Выбрать главу

Расстрелы были и 8 апреля. Полицаи и немцы рыскали по всем деревням, вылавливали и привозили для расстрела евреев, даже прятавшихся в деревнях, что в 20 км от Красного. Но нам повезло, нас не нашли. Русские люди нас надежно спрятали, жаль, что забыл их имена.

Через три дня я пришел в Красный. Знакомые мне сказали, что всех евреев расстреляли и закапывали живьем. Земля над обреченными долго дышала. Мой двоюродный брат Миля Петров (его мать — моя тетя) спрятался в печку-голландку. От страха он, пятнадцатилетний, как-то туда залез. Полицаи его не нашли. Назавтра он пошел в дер. Сорокино и встретил полицаев, которые его застрелили. Такая же участь постигла и моего дядю Наума Сорина.

Место, где расстреливали и сваливали убитых и раненых евреев, называется Буриевщина. Сейчас там стоит маленький памятник-камень, всеми забытый. Памятник поставили старший сын Сориных Александр Наумович и заведующий музеем Ерашов. Александр Наумович воевал, но уцелел.
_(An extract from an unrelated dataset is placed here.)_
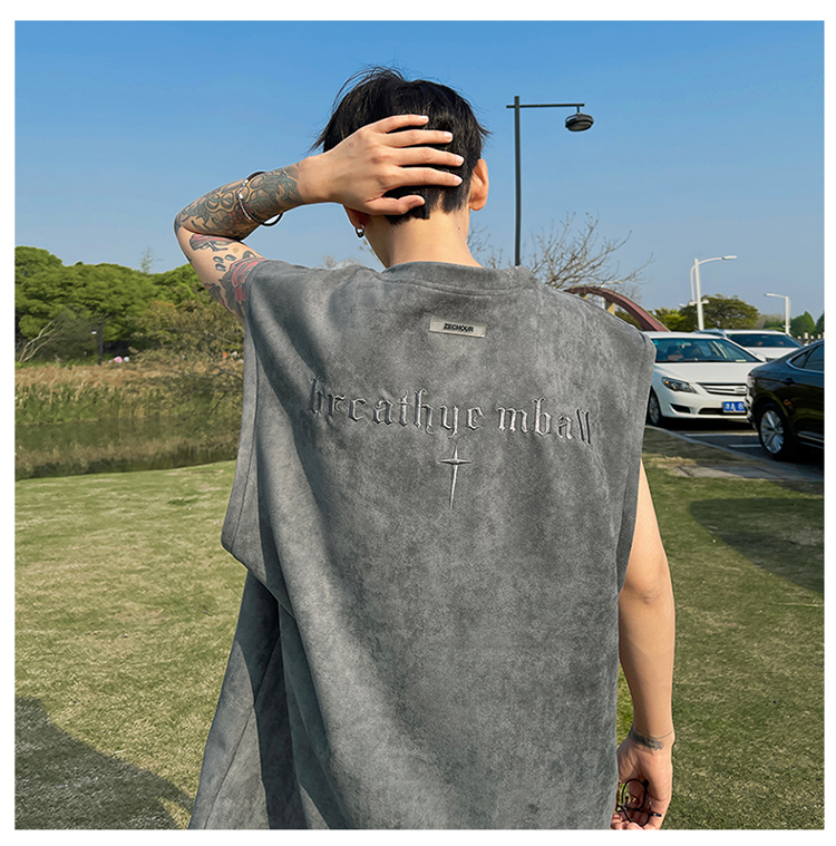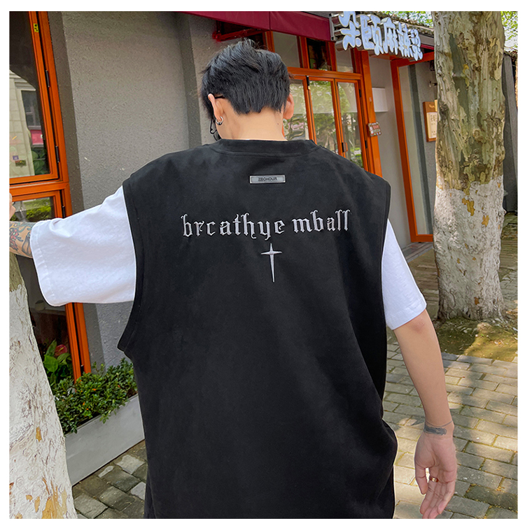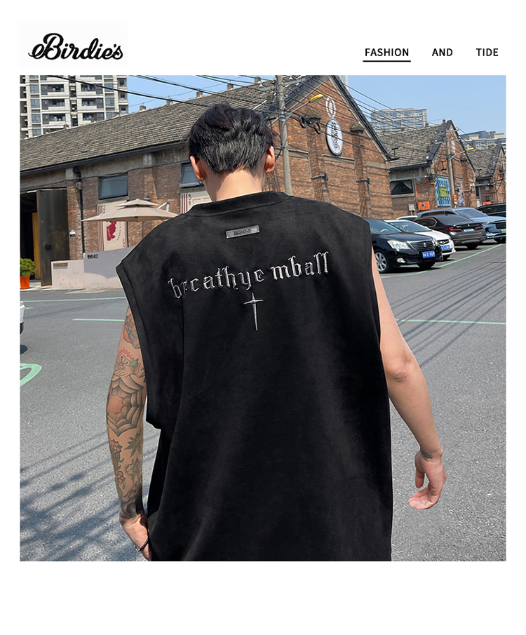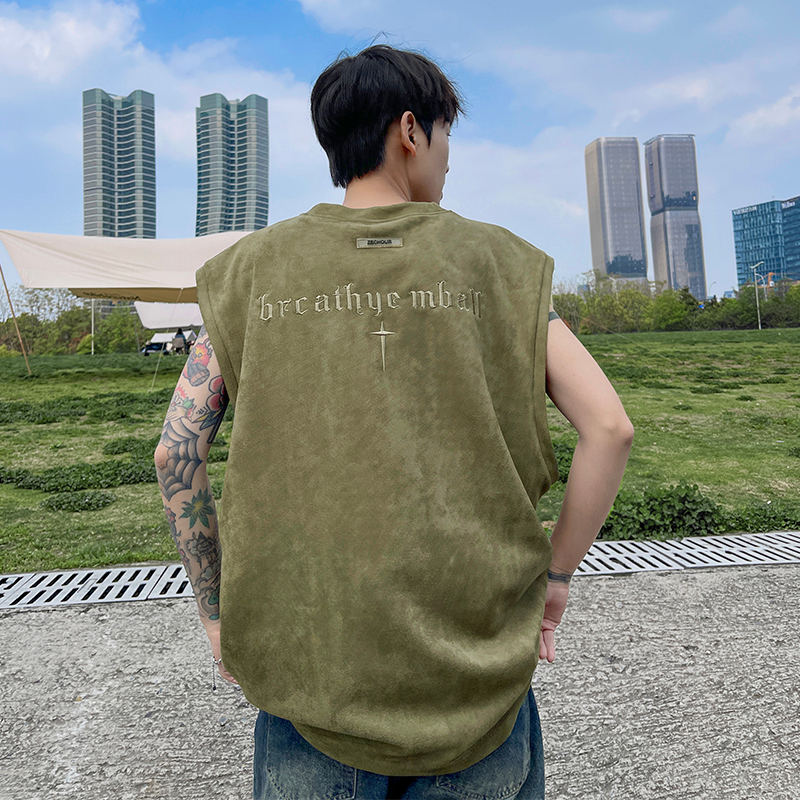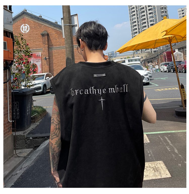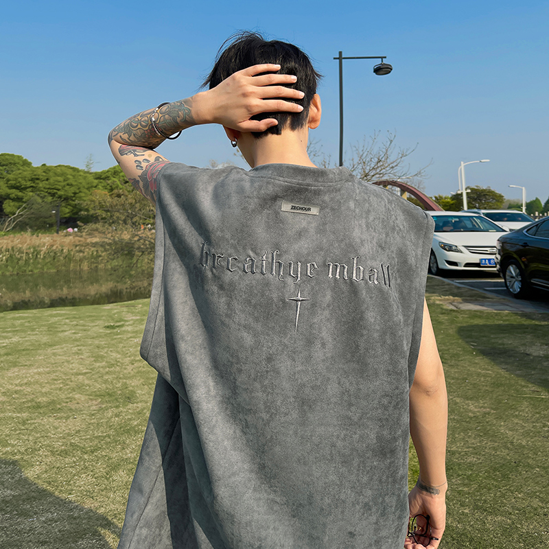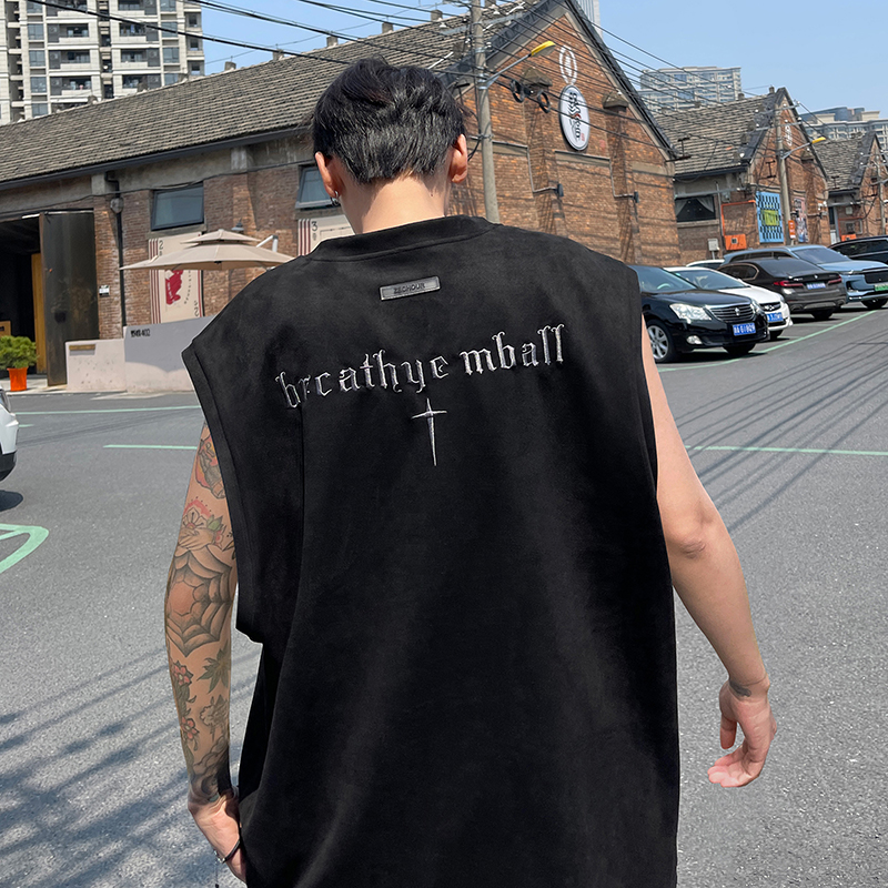 黑色麂皮絨刺繡背心美式高街重磅無袖t袖男cleanfit夏季上衣馬甲

Собранных в доме Цейтлиных и других домах евреев на огромных крытых машинах повезли в Буриевщину, к месту расстрела. Проезжая через мост, студентка 3-го курса Смоленского мединститута Сорина Рива сумела выпрыгнуть из машины в речку Свилая. Ее застрелили и бросили к пока еще живым людям в машину.
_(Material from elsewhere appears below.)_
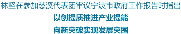 今天下午,宁波市委常委、慈溪市委书记、宁波前湾新区党工委书记林坚在参加宁波市十六届人大六次会议慈溪代表团审议时强调,要迭代实施“工业立市、实业兴市、创新强市”首位战略,以创提质推进产业提能,向新突破实现发展突围,为宁波建设具有全球竞争力、共同富裕先行的现代化滨海大都市作出更大贡献。
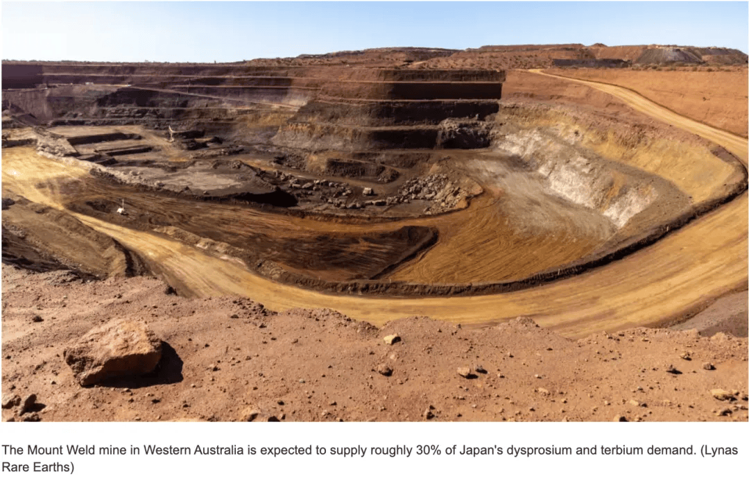 据《日经亚洲》31日报道,日本综合商社双日公司近日开始从澳大利亚进口部分稀土元素,这标志着日本首次从中国以外的渠道获取这一关键资源。 双日公司周四表示,已开始进口从澳大利亚芒特韦尔德矿山开采的镝和铽。这些原料经马来西亚加工后运往日本。 据报道,芒特韦尔德矿的运营方——澳大利亚莱纳斯稀土公司在2023年获得由双日和日本金属与能源安全机构(JOGMEC)共同成立的合资企业投资2亿 澳元(约合人民币9.3亿元)。莱纳斯将向日本供应该矿山最多65%的镝和铽产量,相当于日本市场需求的约30%。 镝和铽属于重稀土元素,储量相对轻稀土更为稀少,主要用于制造电动汽车与风力涡轮机电机所需的高性能钕磁体,以增强其耐热性能。 报道称,寻求中国以外的多元化供应源被日本视为经济安全的关键环节。根据美国地质调查局数据,中国目前占全球稀土产量近70%,其中重稀土的全球 供应几乎全部来自中国。 本公告所称出口,指将本公告所列管制物项自中华人民共和国境内向境外转移,或者在境内或者境外提供给外国组织或者个人,包括贸易性出口以及通过 知识产权许可、投资、交流、赠送、展览、展示、检测、测试、援助、传授、联合研发、受雇或雇佣、咨询等任何方式进行的转移 ...

Разные были русские люди. Одни полицаи и предатели убивали, грабили или выдавали тех, кто прятался, а другие, рискуя жизнью, спасали евреев, людей попавших в беду: партизан, коммунистов, патриотов, попавших в окружение солдат.

В одном месте долго опасно было оставаться. Наша семья 25 месяцев оккупации бросалась в разные деревни: Сорокино, Буяново, Павлово, Николаевку, Семеново, Соломоново, а потом попали в Белоруссию: в Ленинском районе деревни Романово, Баево, в Мстиславльском районе Лютня, Бобрики, Конезавод. Последние три месяца перед освобождением все лето мы жили в лесу, в землянке. Питание просили в деревнях, что всегда было очень опасно. В лесу мы вставали с покрытых тряпками земли или хвои. Прислушивались: идет бой или нет. Когда стреляли орудия, мы были рады — идут наши.

25 сентября 1943 года в лесу под Мстиславлем мы встретили Красную Армию. Сначала я один с попутными машинами добрался до Красного, а потом военные нас всех перевезли в наш уцелевший дом.

Солдаты, перевозившие нас, подсказали мне написать письмо Эренбургу, дали его адрес».

Ноябрь 1998 г.

ЛЯДЫ

У реки Мереи

И. Цынман

21 июля 1991 года несколько смоленских пенсионеров: З. Н. Фрадкин, Е. Я. Дынин, Ю. В. Пухачевский пригласили меня посетить Ляды, находящиеся на границе Смоленской и Витебской областей на берегу реки Мерея.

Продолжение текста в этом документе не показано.